Efficient caching of large data sets for wikidata

classic Classic list List threaded Threaded
2 messages Options
Reply | Threaded
Open this post in threaded view
|

Efficient caching of large data sets for wikidata

Daniel Kinzler
Hi all!

I'd like to get some input on a tricky problem regarding caching in memcached
(or accelerator cache). For Wikidata, we often need to look up the label (name)
of an item in a given language - on wikidata itself, as well as on wikis that
use wikidata. So, if something somewhere references Q5, we need to somehow look
up the label "Human" in English resp "Mensch" in German, etc.

The typical access pattern is to look up labels for a dozen or so items in a
handful of languages in order to generate a single response. In some situations
we can batch that into a single lookup, but at other times, we do not have
sufficient context, and it will be one label at a time. Also, some items (and
thus, their labels) are references a lot more than others.

Anyway, to get the labels, we can either fetch the full data item (several KB of
data) from the page content store (external store). This is what we currently
do, and it's quite bad. Full data items are cached in memcached and shared
between wikis - but it's still a lot of data to move, and may swamp memcached.
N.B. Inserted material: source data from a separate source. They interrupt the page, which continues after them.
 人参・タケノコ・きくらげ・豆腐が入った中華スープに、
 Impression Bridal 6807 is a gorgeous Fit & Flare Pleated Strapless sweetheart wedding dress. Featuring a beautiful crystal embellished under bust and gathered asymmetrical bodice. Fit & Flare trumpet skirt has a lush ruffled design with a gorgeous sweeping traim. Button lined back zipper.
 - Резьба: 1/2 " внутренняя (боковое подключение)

Alternatively, we can fetch the labels from the wb_terms table - we have a
mechanism for that, but no caching layer.

And now, the point of this email: how to make a caching layer for lookups to the
wb_terms table?

Naively, we could just give each label (one per item and language) a cache key,
and put it into memcached. I'm not sure this would improve performance much, and
it would mean massive overhead to memcached; also, putting *all* labels into
memcached would likely swamp it (we have in the order of 100 million labels and
descriptions).

We could put all "terms" for a given entity under one cache key, shared between
wikis.But then we'd still be moving a lot of pointless data around. Or we could
group using some hashing mechanism. But then we would not be able to take
advantage of the fact that some items are used a lot more often than others.
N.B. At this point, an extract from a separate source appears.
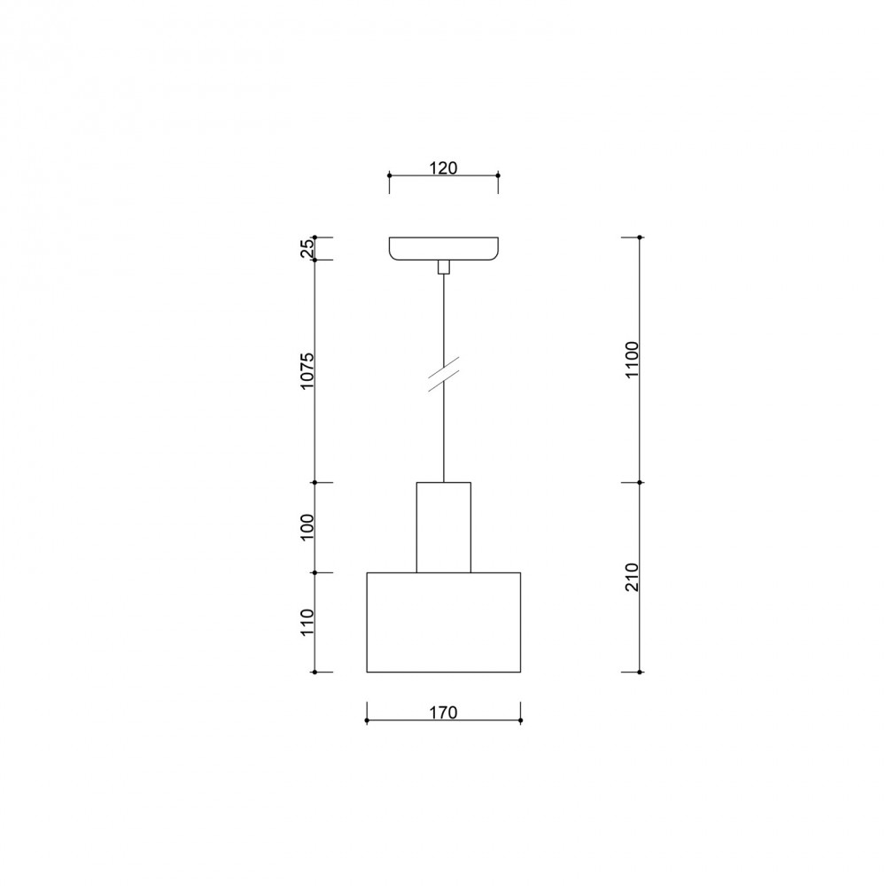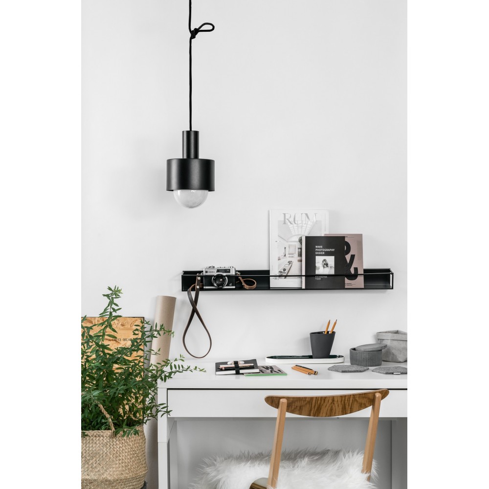 La lámpara está equipada con un cable trenzado textil negro de 107,5 cm de longitud, que permite ajustar libremente la altura de suspensión: desde un voladizo corto y funcional hasta una forma más llamativa suspendida a baja altura sobre la superficie. La forma de la pantalla se ha diseñado para adaptarse a distintos tipos de fuentes de luz. Una bombilla estándar A60 permanece oculta, creando un cuerpo coherente y cerrado, mientras que una bombilla más grande -como una decorativa de 125 mm de diámetro- se extiende más allá de su contorno, cambiando por completo el carácter de la lámpara y añadiendo un toque de diseño.

I'd like a good mechanism to cache just the 1000 or so most used labels,
preferably locally in the accelerator cache. Would it be possible to make a
"compartment" with LRU semantics in our caching infrastructure? As far as I
know, all of a memcached server, or all of an APC instance, acts as a single LRU
cache.

In order to make it less likely for rarely used labels to hog the cache, I can
think of two strategies:

1) Use a low expiry time. If set to 1 hour, only stuff accessed every hour stays
in the cache.

2) Use randomized writing: put things into the cache only 1/3 of the time; this
makes it more likely for frequently used labels to get into the cache... I'm no
good at probabilities and statistics, but I'd love to discuss this option with
someone who can actually calculate how well this might work.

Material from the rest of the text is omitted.